• WHAT YOU SHOULD DO
Repeat the following entries exactly, excluding pictures.

• DATA RECORDS
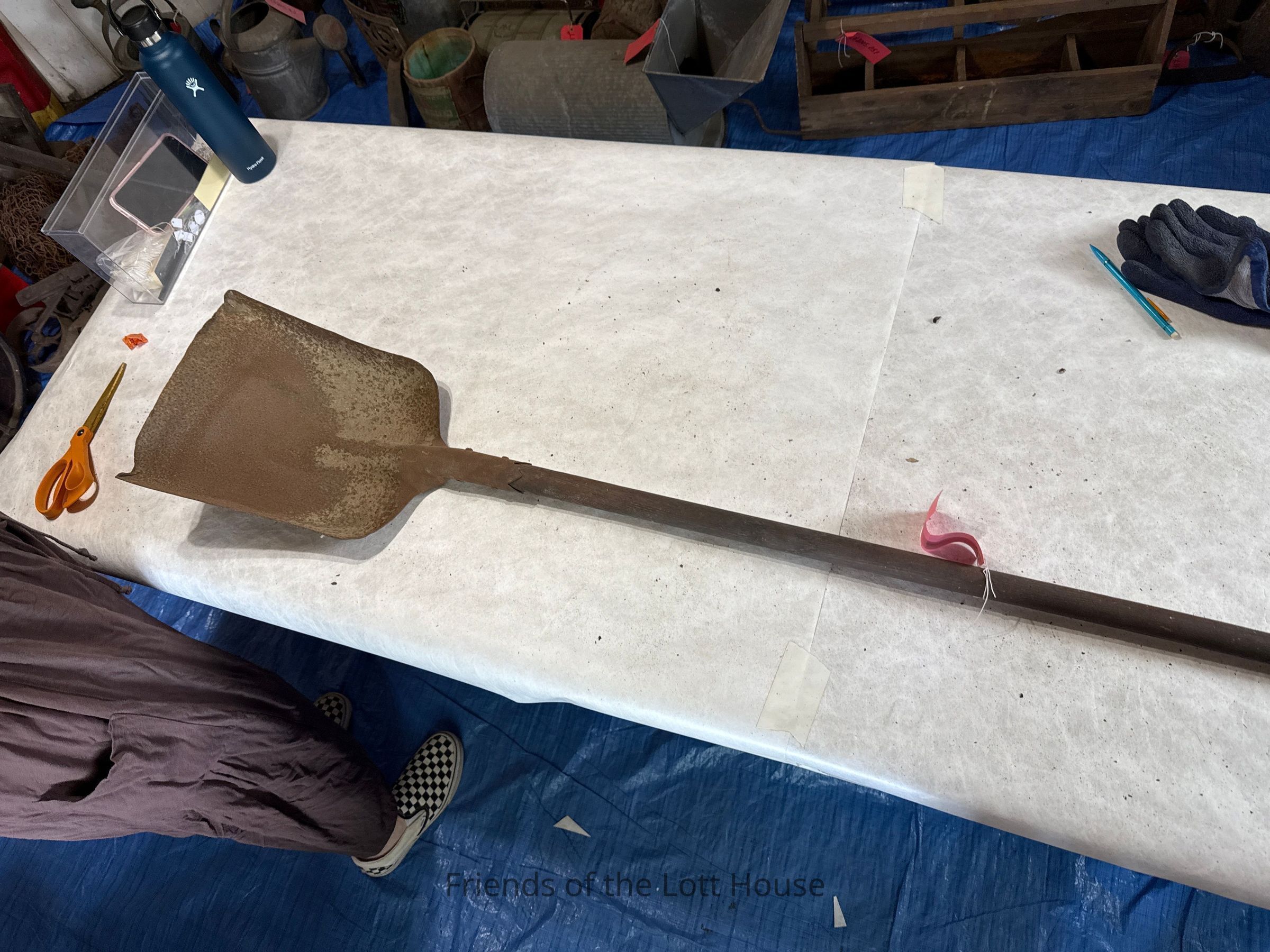 Iron shovel having flat ended scoop and turned wood handleCategory
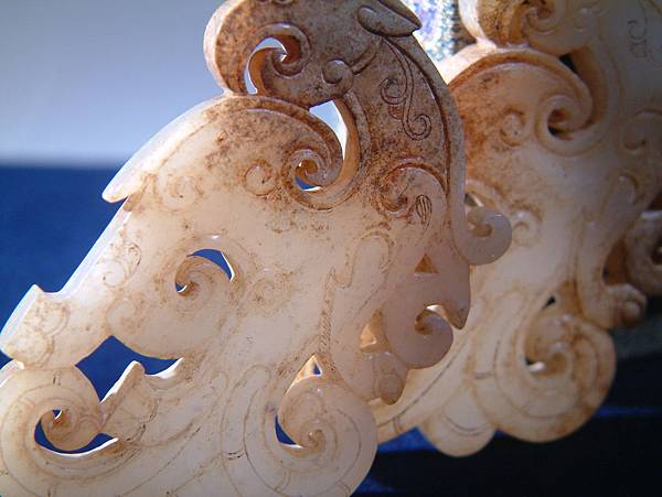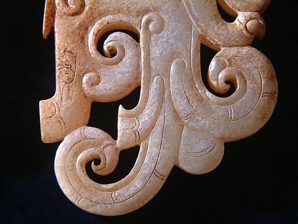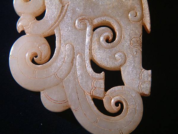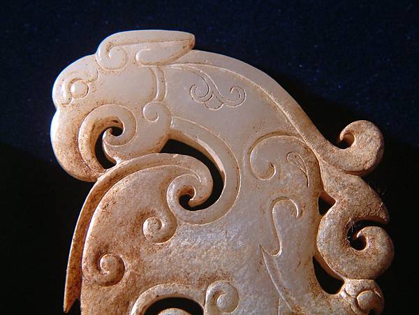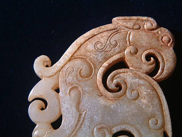 具象的爪子按著的勾卷似羽紋的部份,就是另一抽象的腳爪,有無看到向內勾卷的尖端即有爪紋。右端為其翅膀的延伸,末端向外撇,且有二條弧形陰線隔開長得有點像[象腳趾]。中間也有一向下的斜邊廓紋襯托出末端向右撇的,是其另一抽象的羽翼。全器最下端向右卷的為其尾翼,但與其抽象的腳向左卷的羽紋分岔處向左下琢有一近1/4圓形,此部份又形成了一個楚式[大仙花],可見此設計師對玉器重要元素運用之嫻熟。
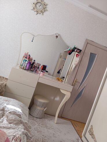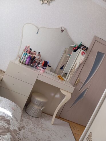 EndirimsizGeniş güzgülü makiyaj masası və pufik
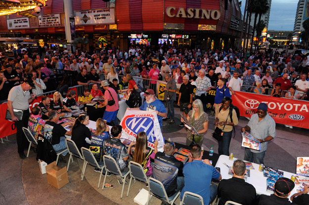 As is the case every year, the event weekend kicked off with the NHRA Fan Fest on Freemont Street, which was again a huge success, drawing large crowds of fans. The event featured many of the top stars from the NHRA Mello Yello Drag Racing Series, including John Force Racing drivers Robert Hight, Brittany Force, and John Force.
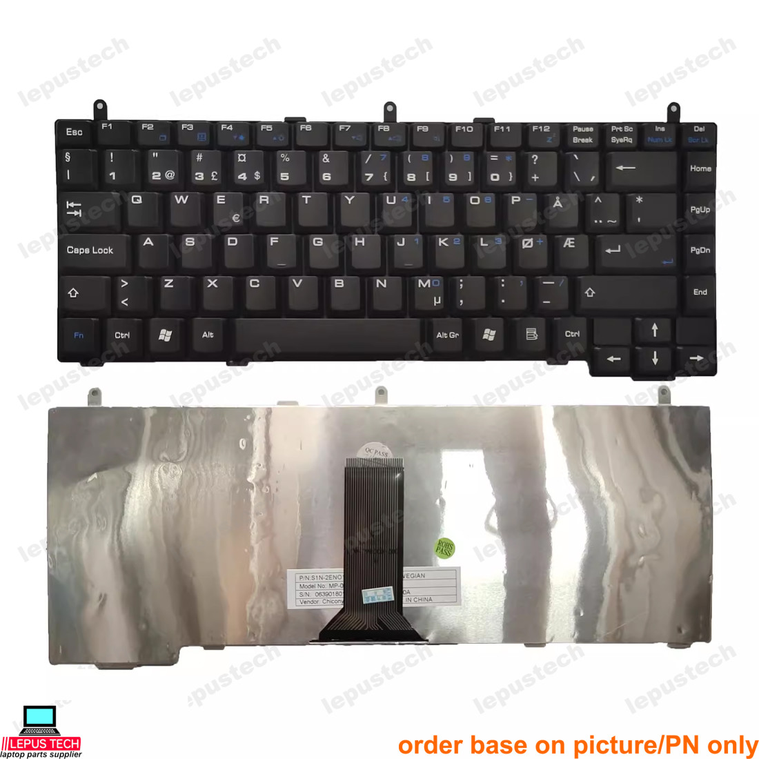 The same model of keyboard is supplied by different manufacturers, and the product images only show one manufacturer with the same quality. The manufacturer PN and brand label of the product you receive may be different from what we shows, but we guarantee that the quality of the product sent is the same as the displayed and the model is compatible.
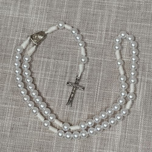 Krunica izrađena nizanjem plastičnih bisernih perli i s raskrižjem Marije Bistrice je savršen spoj estetskog dizajna i spiritualne simbolike. Ova jedinstvena krunica svojim izgledom privlači pažnju, dok njezina simbolička vrijednost pruža poseban trenutak unutarnjeg mira i povezanosti s vjerom.
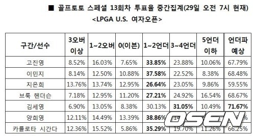 LPGA U.S. 여자오픈 1라운드 대상 골프토토 스페셜 13회차 중간집계
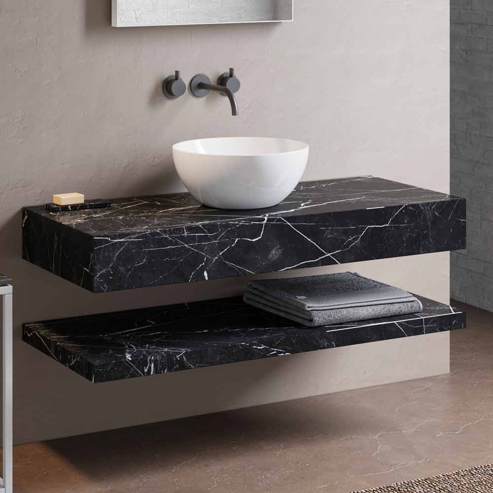 Badeværelse møbler sammensætning i porcelæn stentøj med blank hvid håndvask, luksus vare lavet i Italien.
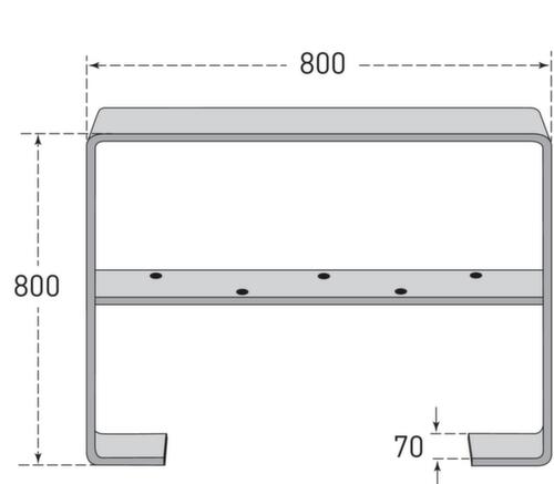 Aus Stahl feuerverzinkt mit Beschichtung in DB703 anthrazit. Nutzung beidseitig. Flachstahlkonstruktion. Ausgestattet Durch das Knierohr können sowohl Räder als auch zum Beispiel Scooter angelehnt werden. Das Knierohr ist mit vorgebohrten Löchern zur Aufnahme von Halteschellen versehen. Zum Aufdübeln.
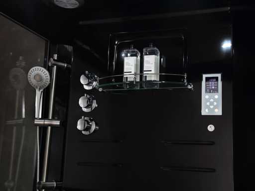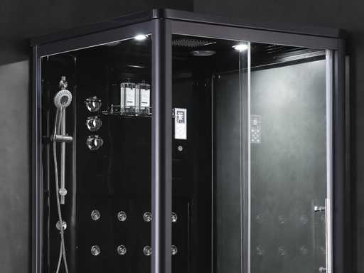 Duș manual (reglabil la înălțime cu bară glisantă). Ușa este echipată cu încuietori de calitate, protecție pentru funcționare uscată (generator de abur).
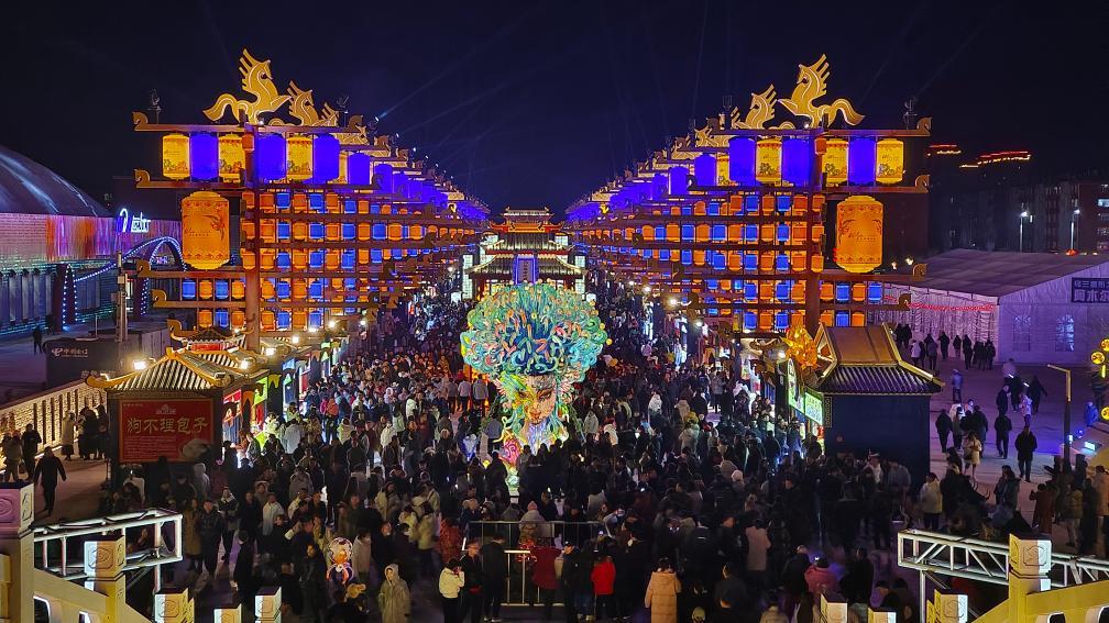 今年春節(jié)假期期間,大量游客到“烏蘭察布之夜”夜間游。新華社發(fā)
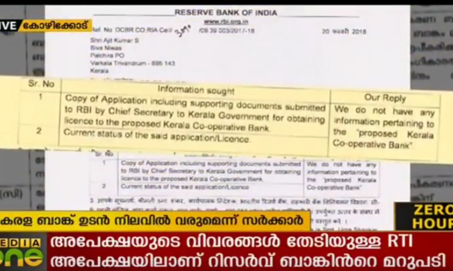 സംസ്ഥാനത്തിന്റെ സ്വന്തം ബാങ്ക് എന്ന ആശയത്തിലായിരുന്നു കേരള ബാങ്ക് രൂപീകരിക്കാനുള്ള സര്ക്കാര് തീരുമാനം. ജില്ലാ സഹകരണ ബാങ്കുകളും സ്റ്റേറ്റ് കോ ഓപ്പറേറ്റീവ് ബാങ്കും ലയിപ്പിച്ച് കേരള കോ-ഓപ്പറേറ്റീവ് ബാങ്ക് രൂപീകരിക്കുമന്നായിരുന്നു പ്രഖ്യാപനം. ആര്ബിഐ ലൈസന്സിനായി അപേക്ഷ നല്കിയതായി സഹകരണ മന്ത്രി കടകംപള്ളി സുരേന്ദ്രന് നിയമസഭയില് തന്നെ വ്യക്തമാക്കുകയും ചെയ്തു. ഇനി വിവരാവകാശനിയമ പ്രകാരം റിസര്വ് ബാങ്ക് നല്കിയ മറുപടി കാണുക. കേരള ബാങ്ക് സംബന്ധിച്ച് റിസര്വ് ബാങ്കിന് ഒന്നും അറിയില്ലെന്ന് മറുപടിയില് വ്യക്തം.
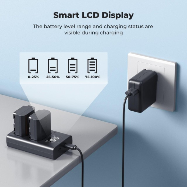 A készletben található egy kétrétegű LCD-töltő, amely egyszerre két NP-FZ100 akkumulátort képes tölteni. Az LCD-kijelző valós időben mutatja az egyes akkumulátorok töltési állapotát, így könnyen figyelemmel kísérhető az energiaellátás.
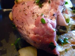 Notably this is the first Les Halles recipe calling for rosemary I have come across. While my parsley, bay tree and thyme have been providing in almost every dish so far, my rosemary and oregano has been left to flourish..
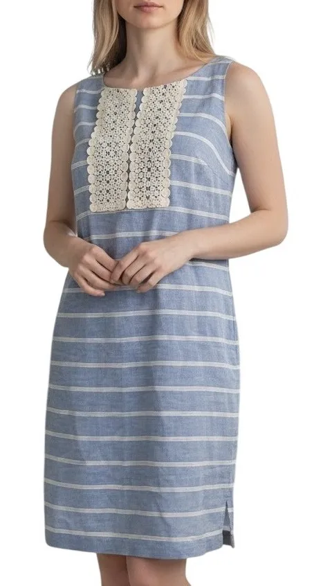 Keywords: striped dress, sleeveless dress, blue dress, white dress, crochet dress, summer dress, casual dress, knee length dress, beach dress, vacation dress, brunch dress, garden party dress, linen dress
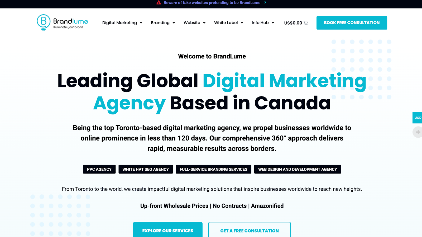 BrandLume leverages an "Amazonified" digital marketing model, offering upfront wholesale pricing with transparent service details and zero long-term contract requirements.
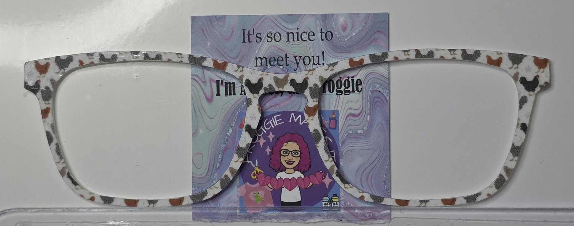Each topper is crafted with a lightly flexible clear acrylic frame and sealed with resin or UV-resistant vinyl, as selected in the "Personalization" section. Strong magnets are pre-installed to align seamlessly with your Pair Eyewear frame.

• WRITTEN REPLY
 Iron shovel having flat ended scoop and turned wood handleCategory
 具象的爪子按著的勾卷似羽紋的部份,就是另一抽象的腳爪,有無看到向內勾卷的尖端即有爪紋。右端為其翅膀的延伸,末端向外撇,且有二條弧形陰線隔開長得有點像[象腳趾]。中間也有一向下的斜邊廓紋襯托出末端向右撇的,是其另一抽象的羽翼。全器最下端向右卷的為其尾翼,但與其抽象的腳向左卷的羽紋分岔處向左下琢有一近1/4圓形,此部份又形成了一個楚式[大仙花],可見此設計師對玉器重要元素運用之嫻熟。
 EndirimsizGeniş güzgülü makiyaj masası və pufik
 As is the case every year, the event weekend kicked off with the NHRA Fan Fest on Freemont Street, which was again a huge success, drawing large crowds of fans. The event featured many of the top stars from the NHRA Mello Yello Drag Racing Series, including John Force Racing drivers Robert Hight, Brittany Force, and John Force.
 The same model of keyboard is supplied by different manufacturers, and the product images only show one manufacturer with the same quality. The manufacturer PN and brand label of the product you receive may be different from what we shows, but we guarantee that the quality of the product sent is the same as the displayed and the model is compatible.
 Krunica izrađena nizanjem plastičnih bisernih perli i s raskrižjem Marije Bistrice je savršen spoj estetskog dizajna i spiritualne simbolike. Ova jedinstvena krunica svojim izgledom privlači pažnju, dok njezina simbolička vrijednost pruža poseban trenutak unutarnjeg mira i povezanosti s vjerom.
 LPGA U.S. 여자오픈 1라운드 대상 골프토토 스페셜 13회차 중간집계
 Badeværelse møbler sammensætning i porcelæn stentøj med blank hvid håndvask, luksus vare lavet i Italien.
 Aus Stahl feuerverzinkt mit Beschichtung in DB703 anthrazit. Nutzung beidseitig. Flachstahlkonstruktion. Ausgestattet Durch das Knierohr können sowohl Räder als auch zum Beispiel Scooter angelehnt werden. Das Knierohr ist mit vorgebohrten Löchern zur Aufnahme von Halteschellen versehen. Zum Aufdübeln.
 Duș manual (reglabil la înălțime cu bară glisantă). Ușa este echipată cu încuietori de calitate, protecție pentru funcționare uscată (generator de abur).
 今年春節(jié)假期期間,大量游客到“烏蘭察布之夜”夜間游。新華社發(fā)
 സംസ്ഥാനത്തിന്റെ സ്വന്തം ബാങ്ക് എന്ന ആശയത്തിലായിരുന്നു കേരള ബാങ്ക് രൂപീകരിക്കാനുള്ള സര്ക്കാര് തീരുമാനം. ജില്ലാ സഹകരണ ബാങ്കുകളും സ്റ്റേറ്റ് കോ ഓപ്പറേറ്റീവ് ബാങ്കും ലയിപ്പിച്ച് കേരള കോ-ഓപ്പറേറ്റീവ് ബാങ്ക് രൂപീകരിക്കുമന്നായിരുന്നു പ്രഖ്യാപനം. ആര്ബിഐ ലൈസന്സിനായി അപേക്ഷ നല്കിയതായി സഹകരണ മന്ത്രി കടകംപള്ളി സുരേന്ദ്രന് നിയമസഭയില് തന്നെ വ്യക്തമാക്കുകയും ചെയ്തു. ഇനി വിവരാവകാശനിയമ പ്രകാരം റിസര്വ് ബാങ്ക് നല്കിയ മറുപടി കാണുക. കേരള ബാങ്ക് സംബന്ധിച്ച് റിസര്വ് ബാങ്കിന് ഒന്നും അറിയില്ലെന്ന് മറുപടിയില് വ്യക്തം.
 A készletben található egy kétrétegű LCD-töltő, amely egyszerre két NP-FZ100 akkumulátort képes tölteni. Az LCD-kijelző valós időben mutatja az egyes akkumulátorok töltési állapotát, így könnyen figyelemmel kísérhető az energiaellátás.
 Notably this is the first Les Halles recipe calling for rosemary I have come across. While my parsley, bay tree and thyme have been providing in almost every dish so far, my rosemary and oregano has been left to flourish..
 Keywords: striped dress, sleeveless dress, blue dress, white dress, crochet dress, summer dress, casual dress, knee length dress, beach dress, vacation dress, brunch dress, garden party dress, linen dress
 BrandLume leverages an "Amazonified" digital marketing model, offering upfront wholesale pricing with transparent service details and zero long-term contract requirements.
Each topper is crafted with a lightly flexible clear acrylic frame and sealed with resin or UV-resistant vinyl, as selected in the "Personalization" section. Strong magnets are pre-installed to align seamlessly with your Pair Eyewear frame.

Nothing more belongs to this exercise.